Włodzimierz Heliński
- Born: 16 July 1955 Leszno, Poland
- Died: 1 May 2021 (aged 65)
- Nationality: Polish

Career history
- 1979–1985: Unia Leszno
- 1988–1990: Start Gniezno

Team honours
- 1979, 1980: Polish League Champion

= Włodzimierz Heliński =

Polish speedway rider (1955–2021)

Włodzimierz Heliński (16 July 1955 – 1 May 2021) was a Polish speedway rider.

==Biography==
He obtained his speedway license in 1974. In the competition of the Polish team championship (DMP), he represented the clubs of "Unia" Leszno (1979–1985) and "Start" Gniezno. He won seven DMP medals: three gold (1979, 1980, 1984), two silver (1982, 1983) and two bronze (1981, 1985). In 1980 he won the Polish team Cup, and in 1984 in Toruń - the title of the Polish champion of club pairs.

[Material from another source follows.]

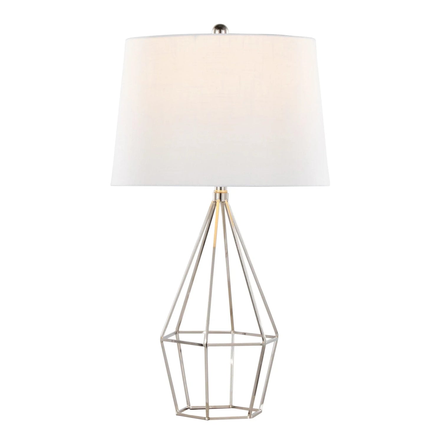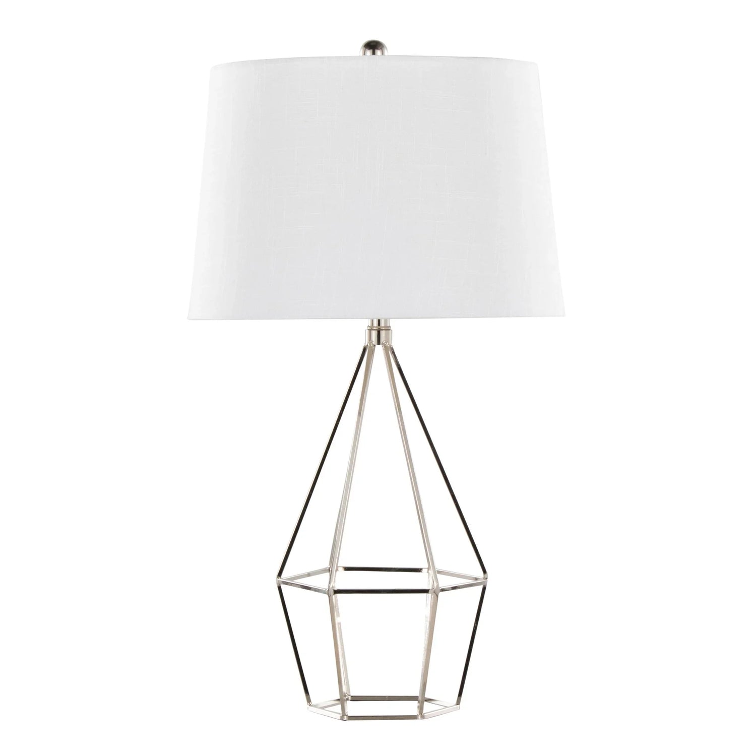 - Materials: Metal base with polished nickel finish; white fabric drum shade.

Heliński was promoted to the finals of the individual Polish championships three times, in 1983 (Gdańsk - 8th place), 1984 (Gorzów Wielkopolski - 11th place) and 1990 (Lublin - 12th place). He twice stood on the podium of the Alfred Smoczyk memorials held in Leszno (1980 - 2nd place, 1982 - 3rd place).